Today, Reform UK presents itself as a credible contender for power. Yet its origins are rooted in that same moment of crisis, when Nigel Farage and Richard Tice moved to reposition the Brexit Party as the political voice of anti-lockdown resistance.

Reframing public health as political choice

This was a deliberate repositioning. In early 2021, as restrictions remained in place, the party formally applied to become Reform UK, shifting its focus from leaving the EU to opposing lockdowns and supporting businesses. In a joint Telegraph article, Farage and Tice argued it was “time to redirect our energies,” insisting Britain should “learn to live with the virus, not hide in fear of it.” What they offered was not simply a critique of policy, but a reframing of public health, as a matter of individual choice rather than collective necessity.

That reframing stands in contradiction with subsequent evidence. Research by Imperial College London estimated that the first national lockdown saved more than 470,000 lives. A 2025 public inquiry later concluded that introducing restrictions just one week earlier could have prevented an additional 23,000 deaths in England during the first wave.

From fringe to mainstream

The pandemic didn’t create anti-science or conspiratorial politics, but it accelerated and amplified them. Lockdowns, vaccination campaigns and border controls were recast by fringe networks as instruments of authoritarian control, feeding into a broader narrative that portrayed globalisation as inherently oppressive.

And these ideas didn’t remain on the margins. Misinformation circulated widely on fringe digital platforms, but through amplification by activists, commentators and media platforms, it began to permeate mainstream conservative discourse. The boundary between fringe and acceptable opinion became increasingly porous.

In the United States, anti-lockdown protests framed public health measures as infringements on personal liberty, with sometimes armed demonstrators invoking constitutional rights.
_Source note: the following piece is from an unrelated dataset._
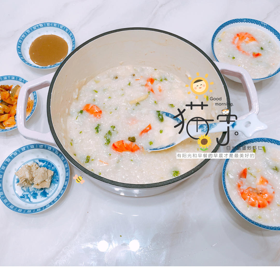 大米和水1:8.5的比例,大火煮开后就加入虾油和虾头一起煮,米煮开了之后还加了牛奶。开锅后加葱和香菜,调味的盐和白胡椒要...
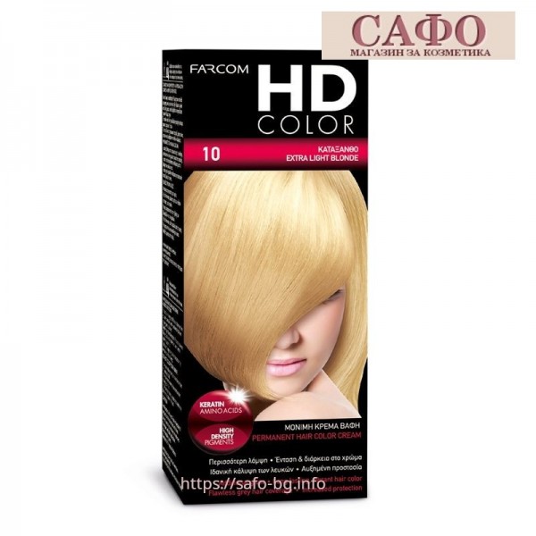 Перманентна боя за коса Фарком HD Color 10 Extra Light Blonde, 120 мл.

Influential political and media figures and outlets played a key role in legitimising these claims, presenting restrictions as “authoritarian” rather than evidence-based interventions.

Republican politicians and individuals affiliated with President Donald Trump’s re-election campaign helped organise or promote anti-lockdown protests across key electoral battleground states. Swing states, such as North Carolina, Pennsylvania and Wisconsin, saw Republican lawmakers, party leaders and Trump allies encourage their social media followers to join the protests, often organised by conservative activists and pro-gun rights groups

.

A parallel narrative unfolded in the UK. By the summer of 2020, London had already seen multiple protests against the government’s response to the pandemic. Prominent right-wing media personalities participated, including Julia Hartley-Brewer, TalkRadio presenter and newspaper columnist, who used her platforms to spread anti-lockdown and Covid-sceptic views.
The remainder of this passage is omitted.